X_train = pad_sequences(X_train, maxlen=max_seq_length, padding = 'post')
X_test = pad_sequences(X_test, maxlen=max_seq_length, padding='post')

y_train = np.array(train_df['sentiment'])
y_test = np.array(test_df['sentiment'])

In [None]:
# Build the CNN model
embedding_dim = 100

model = Sequential()
model.add(Embedding(input_dim=max_words, output_dim=embedding_dim, input_length=max_seq_length))
model.add(Conv1D(filters=128, kernel_size=5, activation=relu))
model.add(GlobalMaxPooling1D())
model.add(Dense(64, activation=relu))
model.add(Dense(1, activation=sigmoid))

model.compile(loss='binary_crossentropy', optimizer='adam', metrics=['accuracy'])
model.summary()

# Train the model
epochs = 10
batch_size = 32

history = model.fit(X_train, y_train, batch_size=batch_size, epochs=epochs, validation_split=0.2)

# Evaluate the model on the test set
test_loss, test_accuracy = model.evaluate(X_test, y_test, batch_size=batch_size)
print("Test Loss:", test_loss)
print("Test Accuracy:", test_accuracy)

In [None]:
train_loss = history.history['loss']
val_loss = history.history['val_loss']
train_accuracy = history.history['accuracy']
val_accuracy = history.history['val_accuracy']
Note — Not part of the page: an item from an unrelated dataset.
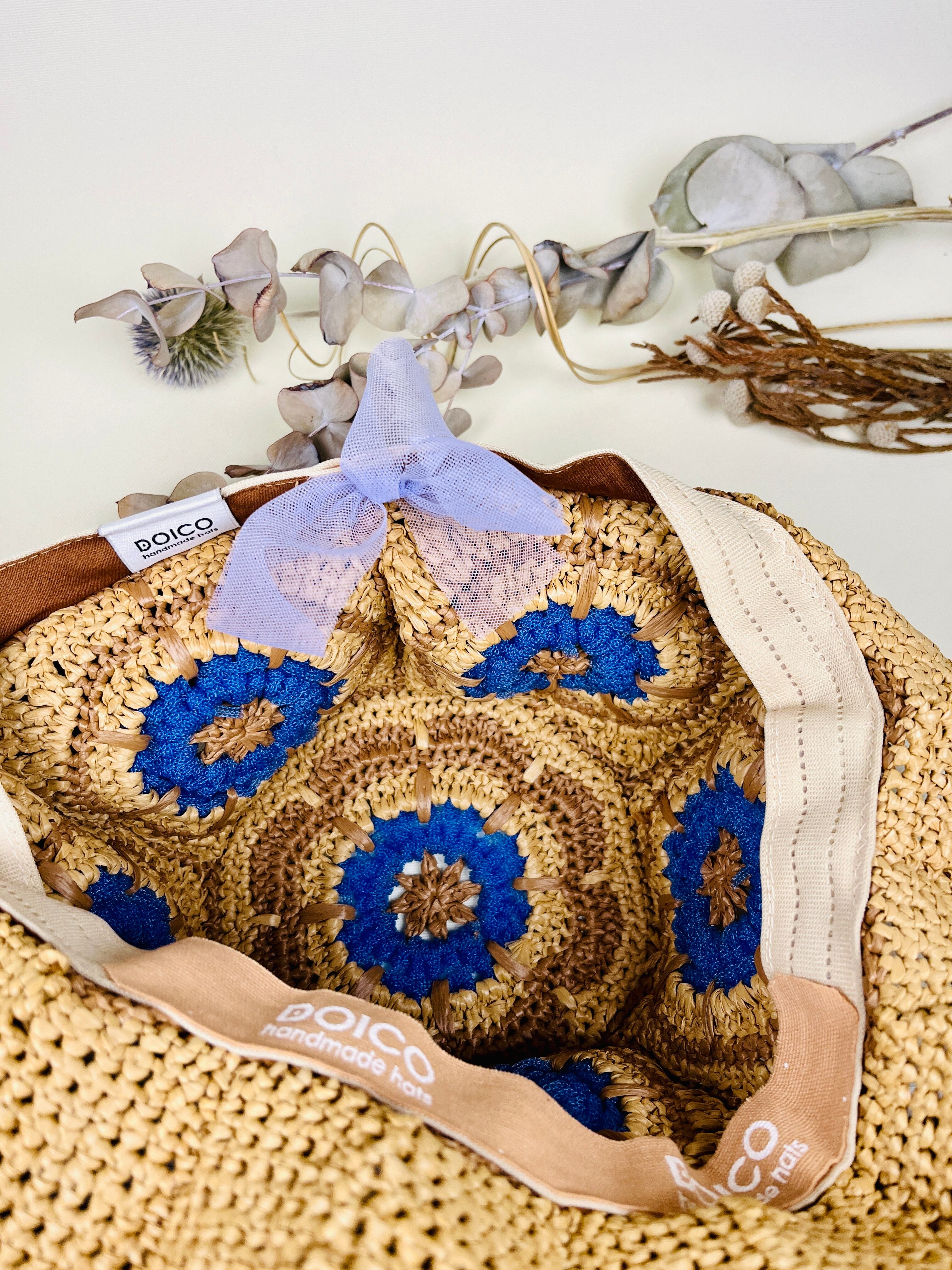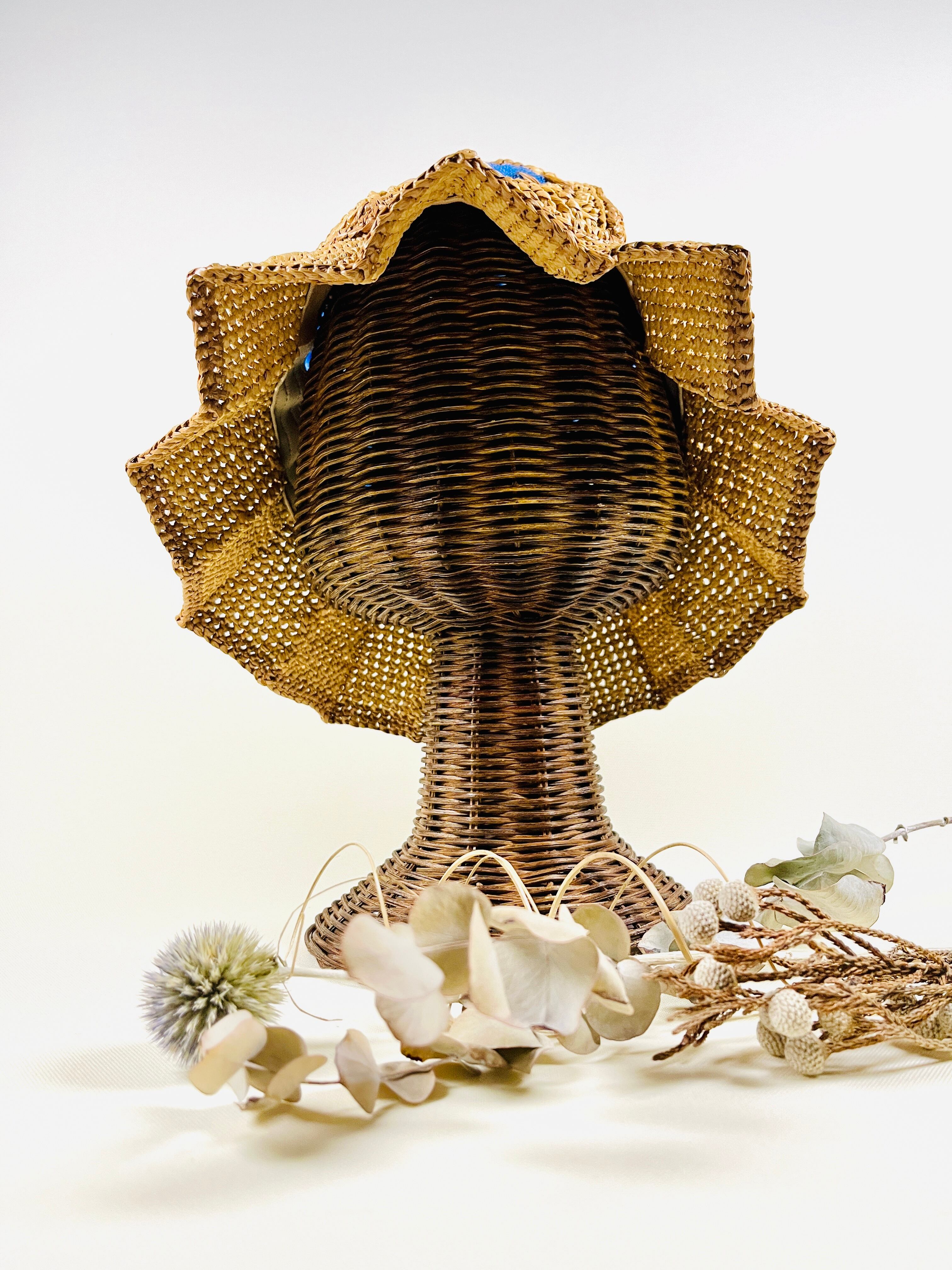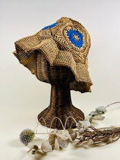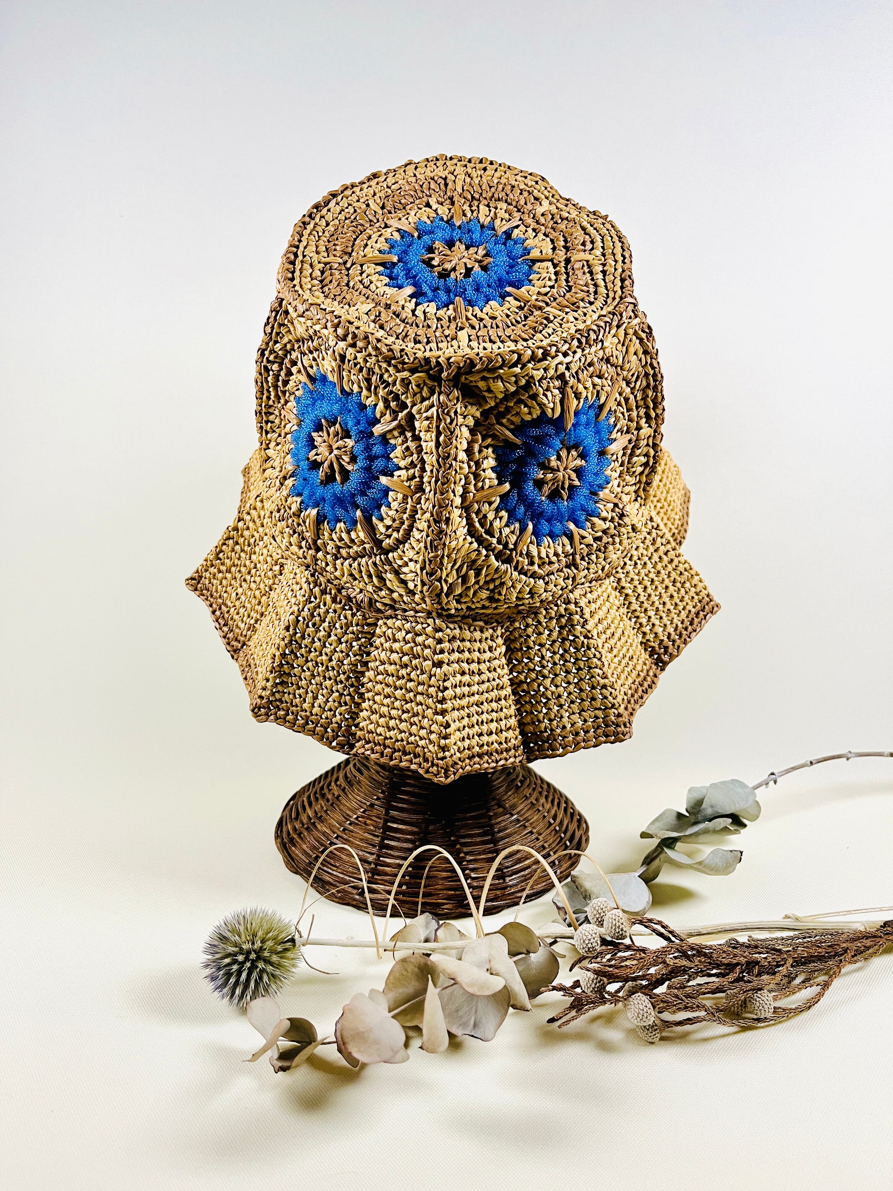 未来的なチューブ状のナイロン糸を伝統的なアフリカンモチーフにアクセントとして加えたら…という発想で出来ました。全体的にはコットンリンター(綿の種)由来の再生繊維で調和をとりました。ギザギザプリーツのブリムもオリエンタルなムードがあります。
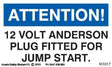 PLACE THESE DECALS AT THE CHARGING POINT OF A VEHICLE FITTED WITH A 12 VOLT SYSTEM

print("Test Loss:", test_loss)
print("Test Accuracy:", test_accuracy)

plt.figure(figsize=(10, 5))
plt.subplot(1, 2, 1)
plt.plot(train_loss, label='Train Loss', marker='o')
plt.plot(val_loss, label='Validation Loss', marker='o')
plt.title('Training and Validation Loss')
plt.xlabel('Epoch')
plt.ylabel('Loss')
plt.grid()
plt.legend()


plt.subplot(1, 2, 2)
plt.plot(train_accuracy, label='Train Accuracy', marker='o')
plt.plot(val_accuracy, label='Validation Accuracy', marker='o')
plt.title('Training and Validation Accuracy')
plt.xlabel('Epoch')
plt.ylabel('Accuracy')
plt.grid()
plt.legend()

plt.tight_layout()
plt.show()

test_predictions_probs = model.predict(X_test)
test_predictions = (test_predictions_probs > 0.5).astype(int)  # Convert probabilities to binary predictions
#score_model(test_predictions)

result_summary = score_model('CNN',test_predictions,result_summary)

In [None]:
result_summary

From above result summary, we can conclude that the logistic regression is performing the best in classififying the sentiments.